Natural Genetic Variants in Humans and Salmonellae Underlie Variable Infection Outcomes
As the current SARS-CoV-2 pandemic highlights, infectious diseases outcomes range from asymptomatic cases to prolonged morbidity and death. We can predict these outcomes using risk factors like age and BMI; however, we currently lack the capacity to generate more fine-grained, or even individualized, outcome predications. In my thesis, I increased mechanistic insight into how Salmonella enterica (S. enterica) generates an equally diverse set of outcomes by unraveling how genetic diversity in both Salmonellae and humans impact infection.

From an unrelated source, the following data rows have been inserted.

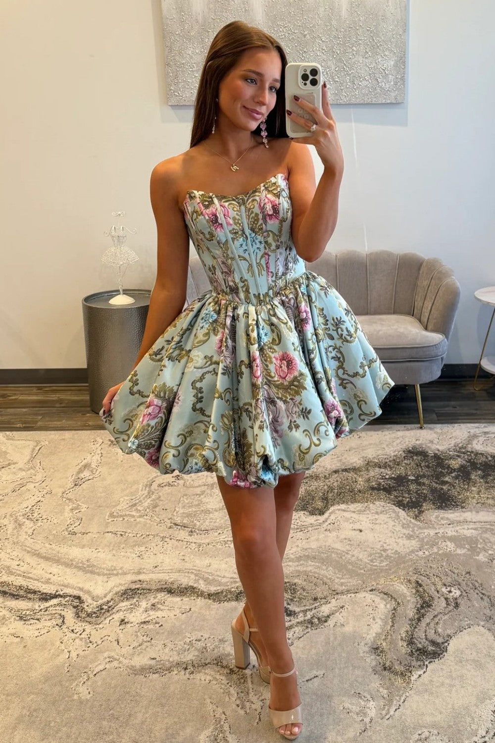 Step into timeless beauty with this Strapless A-Line Floral Print Corset Homecoming Dress featuring a structured corset bodice, a romantic strapless neckline, and a flared skirt that moves gracefully with every step. The soft floral print adds a touch of charm, making it perfect for homecoming, spring parties, or any occasion where you want to feel effortlessly elegant and feminine.
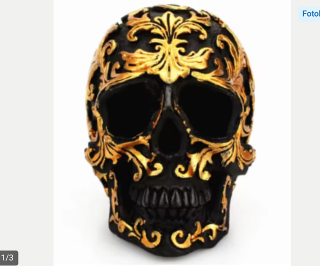 Prachtig schedel beeld goud met zwart (10cm) Nieuw.
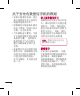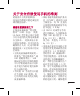 关于安全有效使用手机的准则 请阅读以下简单的准则。 违反这些准则可能造成危险 或者触犯法律。 暴露在射频能量之下 无线电波暴露和“特定吸 收率”(SAR) 信息。 此款 LG-P698 型手机已设计为遵 守有关适用的无线电波暴露 安全要求。 此要求基于相 关的科学准则,其中包括为 确保所有人员(无论年龄和 健康状况)安全而设计的安 全裕量。 • 无线电波暴露准则采用一 种称为“特定吸收率”或 SAR 的测量单位。 SAR 测试是在所有用到的频带 中以手机的最高认可功率 电平进行发射时使用标准 化方法执行的。 • 不同的 LG 手机型号可能 有不同的 SAR 能级,但 它们均符合相关的无线电 波暴露准则。 • 国际非游离辐射防护委员 会 (ICNIRP) 建议的 SAR 上限值为:每 10 克重的 人体组织吸收的能量平均 值不超过 2 W/Kg。 • 由 DASY4 对该型号手机 进行的测试,人耳能够承 受的 SAR 最大值为 1.26 W/kg(10 克),戴在身 体上时,其值为 1.15 W/ kg(10 克)。 • 本设备在靠近耳朵的正常 使用位置使用或放置在距 人体至少 1.

S. enterica is a very diverse pathogen with thousands of serovars. In their core genome, all S. enterica serovars carry two molecular syringes called type-three secretions systems (T3SS), which inject bacterial proteins called effectors into host cells. These effectors create a hospitable niche inside host cells for the replicating bacteria. Outside of the core genome, each serovar carries hundreds to thousands of different genes, which means each serovar packs a unique genetic toolset. We discovered that only a handful of non-typhoidal serovars carry an effector called SarA—an effector that activates the host transcription factor STAT3 to render host cells and mice more permissive to S. enterica replication through an anti-inflammatory transcriptional program.

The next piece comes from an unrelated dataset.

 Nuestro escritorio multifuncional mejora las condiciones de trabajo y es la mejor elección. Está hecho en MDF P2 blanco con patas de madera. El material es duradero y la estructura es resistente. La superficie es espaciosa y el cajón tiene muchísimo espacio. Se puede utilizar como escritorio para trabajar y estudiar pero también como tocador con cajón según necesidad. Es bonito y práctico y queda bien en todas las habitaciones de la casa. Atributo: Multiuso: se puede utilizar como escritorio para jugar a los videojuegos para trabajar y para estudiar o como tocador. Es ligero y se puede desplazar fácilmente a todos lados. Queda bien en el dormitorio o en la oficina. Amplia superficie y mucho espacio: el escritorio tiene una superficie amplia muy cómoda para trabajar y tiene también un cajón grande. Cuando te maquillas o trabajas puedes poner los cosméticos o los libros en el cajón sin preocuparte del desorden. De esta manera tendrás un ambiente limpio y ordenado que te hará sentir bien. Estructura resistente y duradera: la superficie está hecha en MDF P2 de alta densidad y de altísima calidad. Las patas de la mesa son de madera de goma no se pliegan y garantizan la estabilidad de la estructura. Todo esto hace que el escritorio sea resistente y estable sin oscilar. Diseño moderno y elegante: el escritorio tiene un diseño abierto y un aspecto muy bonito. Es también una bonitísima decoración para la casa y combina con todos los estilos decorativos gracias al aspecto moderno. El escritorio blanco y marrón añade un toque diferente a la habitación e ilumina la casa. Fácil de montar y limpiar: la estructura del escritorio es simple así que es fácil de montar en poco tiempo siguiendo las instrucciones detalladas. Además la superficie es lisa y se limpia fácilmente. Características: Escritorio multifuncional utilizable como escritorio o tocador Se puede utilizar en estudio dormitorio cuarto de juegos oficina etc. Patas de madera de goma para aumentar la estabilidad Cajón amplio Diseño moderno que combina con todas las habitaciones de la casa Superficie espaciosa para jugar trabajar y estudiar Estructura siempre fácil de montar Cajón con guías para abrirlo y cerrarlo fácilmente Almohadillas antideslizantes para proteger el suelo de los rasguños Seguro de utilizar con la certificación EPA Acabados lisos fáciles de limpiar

Following this discovery, I determined that SarA activates STAT3 by mimicking the active cytokine co-receptor gp130. Specifically, a 40 amino acid stretch in SarA is homologous to the STAT3-binding portion of gp130’s cytoplasmic tail. We dubbed this stretch the GBS (gp130-binding of STAT3) sequence. By generating chimeric gp130-SarA proteins, I determined that the two GBS are functionally interchangeable. In fact, the SarA GBS binds STAT3 with even greater affinity when measured with isothermal titration calorimetry. This results in SarA driving prolonged and more robust STAT3 signaling than cytokine-gp130 signaling. This continues a reoccurring theme in bacterial pathogenesis: effectors evolve to be more effective than their mammalian counterparts. This is due to selective pressure driving effectors toward supraphysiological responses that enable replication and dissemination, whereas host signaling is pressed toward a measured and regulated response that promotes homeostasis.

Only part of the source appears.